Confusion Matrix, ROC & Threshold Explorer
Pick a classifier quality, then drag the decision threshold across a dataset of scored predictions. The confusion matrix, precision, recall, specificity, F1, and the ROC marker all update instantly, so you can see exactly how moving the threshold trades false positives against false negatives. Useful for AP Statistics, intro data science, and machine learning courses.
Score distribution
56 examples · 28 positive · 28 negativePositives score high and negatives score low with little overlap. The threshold can separate the classes cleanly.
Examples with a score at or above the threshold are predicted positive. Lower it to catch more positives, raise it to cut false alarms.
Confusion matrix
Green cells are correct predictions. Red cells are errors. Move the threshold to trade false positives against false negatives.
Metrics at this threshold
ROC curve
AUC 0.978The dashed diagonal is a random classifier (AUC 0.5). The orange dot marks the current threshold. A curve that hugs the top-left corner has the highest AUC.
Reading the tradeoff
Lowering the threshold predicts positive more often. That raises recall (you catch more true positives) but usually lowers precision (more false positives slip in). Raising the threshold does the reverse. There is rarely a single threshold that maximizes both at once, so the right choice depends on the cost of each error type.
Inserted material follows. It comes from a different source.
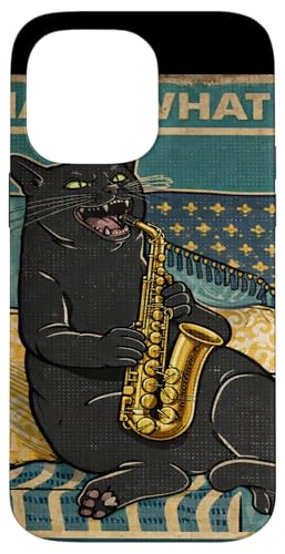 T-Shirt rétro Amusant avec Motif de Chat Jouant du Saxophone Coque pour iPhone 14 Pro Max

The ROC curve traces every possible threshold as a point of false positive rate versus true positive rate. The area under it (AUC) is a single number from 0.5 (no better than chance) to 1.0 (perfect ranking) that summarizes the classifier across all thresholds, before you commit to any one of them.
Reference Guide
The confusion matrix
A binary classifier sorts every example into one of four buckets, defined by the true label and the predicted label.
- True positive (TP). Actually positive, predicted positive.
- False positive (FP). Actually negative, predicted positive. A false alarm.
- False negative (FN). Actually positive, predicted negative. A miss.
- True negative (TN). Actually negative, predicted negative.
Every metric in this tool is built from these four counts. The threshold decides which side of the line each example lands on.
Precision vs recall
Precision is TP / (TP + FP), the share of positive predictions that are correct. Recall is TP / (TP + FN), the share of real positives the model catches.
Lowering the threshold raises recall but tends to lower precision, because more examples get flagged positive. Raising it does the reverse. The F1 score is the harmonic mean of the two, which rewards a balance rather than one extreme.
On the imbalanced preset, precision drops fast even with good recall, because a small number of true positives is swamped by false positives from the large negative class.
The ROC curve and AUC
The ROC curve plots true positive rate against false positive rate at every threshold. Each point is one possible decision line. A curve that bends toward the top-left corner separates the classes well.
The area under the curve (AUC) collapses the whole curve into one number from 0.5 to 1.0. AUC 0.5 is the dashed diagonal of a coin flip. AUC near 1.0 means almost every positive scores above almost every negative.
Because AUC averages over all thresholds, it compares classifiers before you pick a threshold, which makes it handy for model selection.
Choosing a threshold for a real application
AUC measures ranking quality, but a deployed system still needs one threshold. The right value depends on which error costs more.
- Disease screening. A missed case (FN) is costly, so favor recall with a lower threshold.
- Spam filtering. A blocked real email (FP) annoys users, so favor precision with a higher threshold.
- Fraud alerts. Analysts have limited time, so tune the threshold to the review capacity.
Move the slider and watch the confusion matrix to find the operating point that fits the costs of your problem.